◆ **WHAT YOU NEED TO DO**
Reproduce exactly the lines below from the one containing "金运A2蓝牙耳机充电舱上部收" through the one containing "hình kinh doanh", including both, and nothing else.

◆ **SUPPLIED DATA**
:::

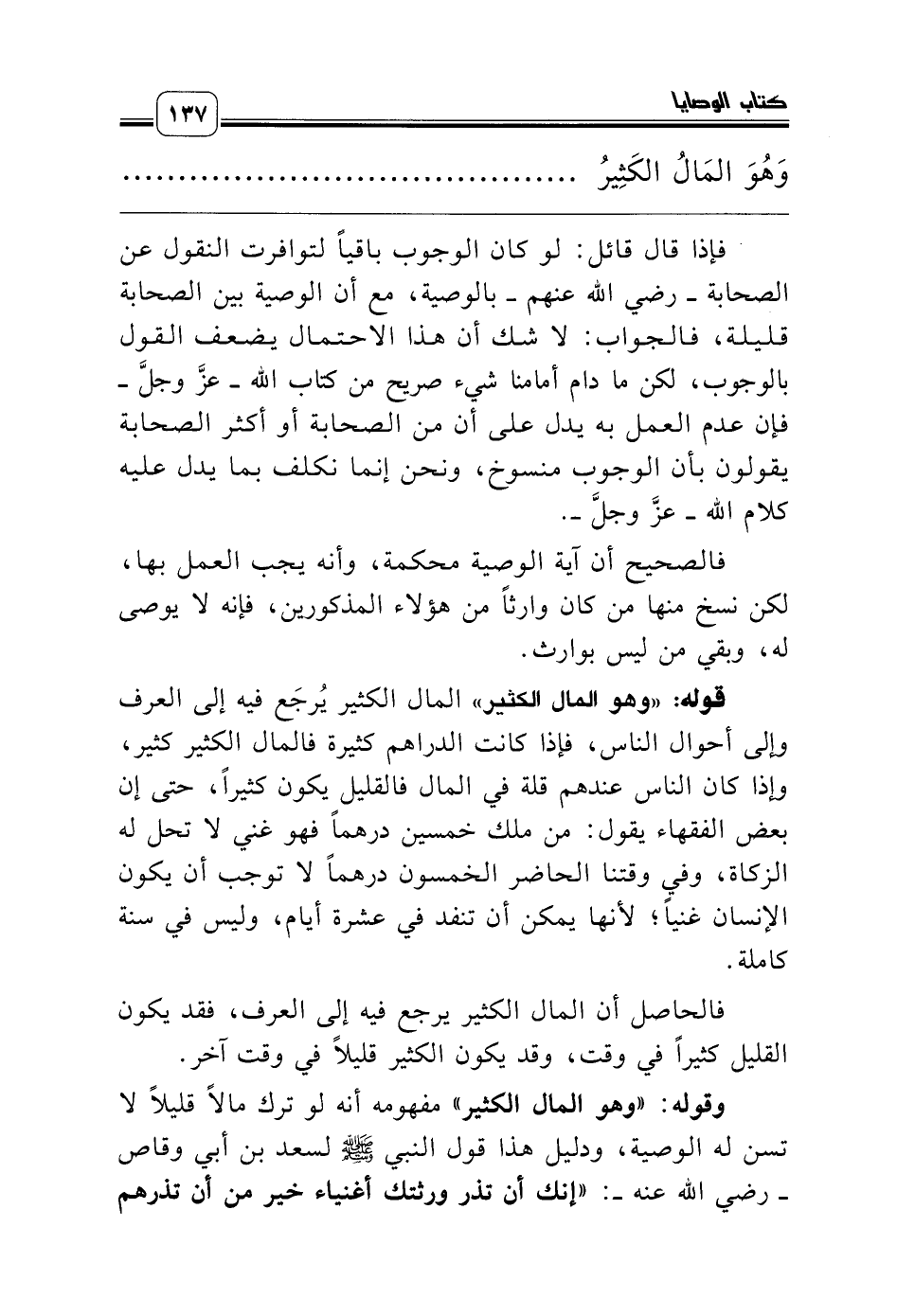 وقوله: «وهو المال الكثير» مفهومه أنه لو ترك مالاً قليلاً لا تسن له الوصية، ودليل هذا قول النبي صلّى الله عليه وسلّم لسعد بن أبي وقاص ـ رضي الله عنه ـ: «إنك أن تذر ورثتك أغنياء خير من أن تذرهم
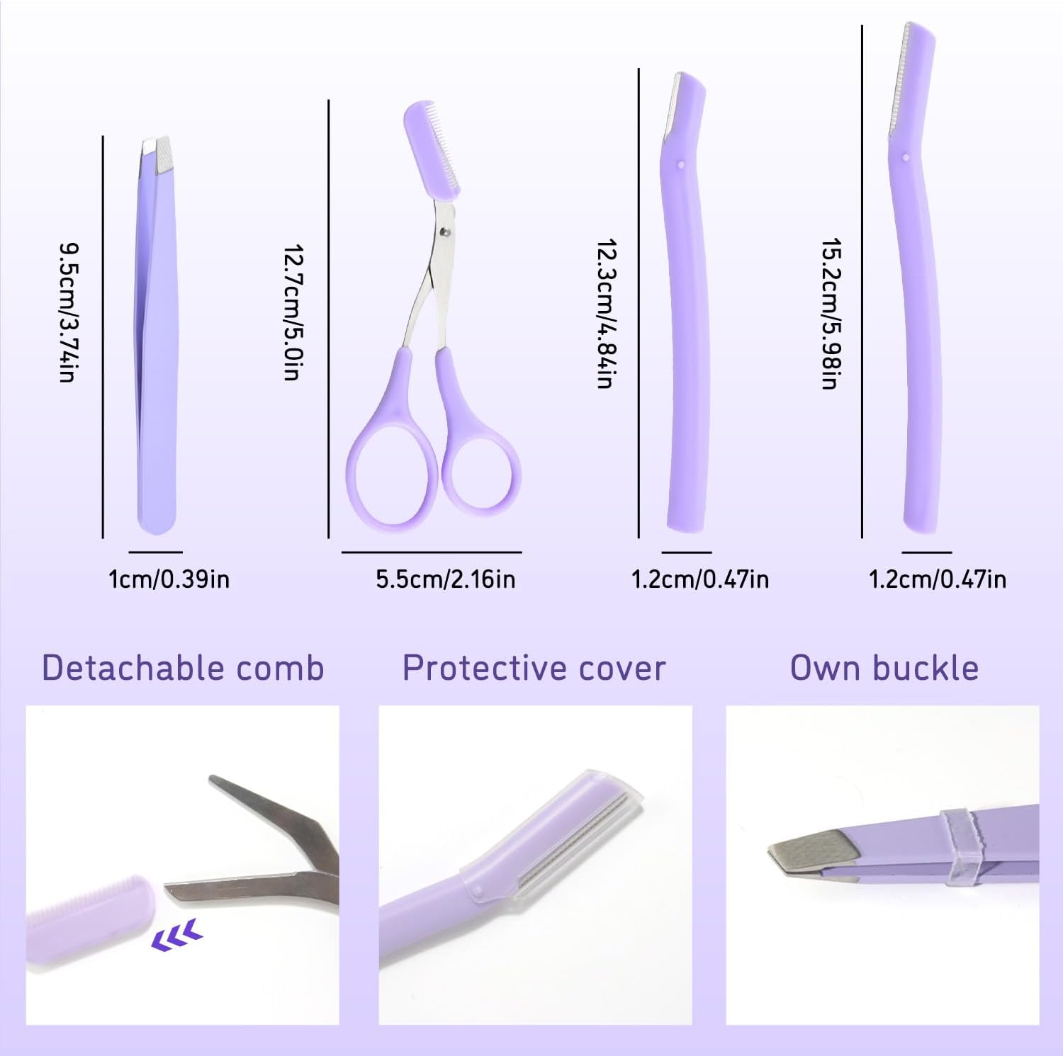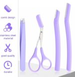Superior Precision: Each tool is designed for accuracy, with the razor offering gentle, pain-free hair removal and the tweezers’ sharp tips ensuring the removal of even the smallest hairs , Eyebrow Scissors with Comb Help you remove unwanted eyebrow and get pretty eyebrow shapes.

:::

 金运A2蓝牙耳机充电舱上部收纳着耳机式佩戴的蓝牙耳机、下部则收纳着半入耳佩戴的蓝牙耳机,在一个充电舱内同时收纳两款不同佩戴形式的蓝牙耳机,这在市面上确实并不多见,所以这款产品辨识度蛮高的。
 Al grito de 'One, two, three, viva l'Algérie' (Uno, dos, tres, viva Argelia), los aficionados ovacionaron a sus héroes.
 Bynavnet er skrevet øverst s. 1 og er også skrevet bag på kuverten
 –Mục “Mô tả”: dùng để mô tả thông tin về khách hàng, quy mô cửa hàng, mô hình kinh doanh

:::

◆ **WRITTEN RESPONSE**
 金运A2蓝牙耳机充电舱上部收纳着耳机式佩戴的蓝牙耳机、下部则收纳着半入耳佩戴的蓝牙耳机,在一个充电舱内同时收纳两款不同佩戴形式的蓝牙耳机,这在市面上确实并不多见,所以这款产品辨识度蛮高的。
 Al grito de 'One, two, three, viva l'Algérie' (Uno, dos, tres, viva Argelia), los aficionados ovacionaron a sus héroes.
 Bynavnet er skrevet øverst s. 1 og er også skrevet bag på kuverten
 –Mục “Mô tả”: dùng để mô tả thông tin về khách hàng, quy mô cửa hàng, mô hình kinh doanh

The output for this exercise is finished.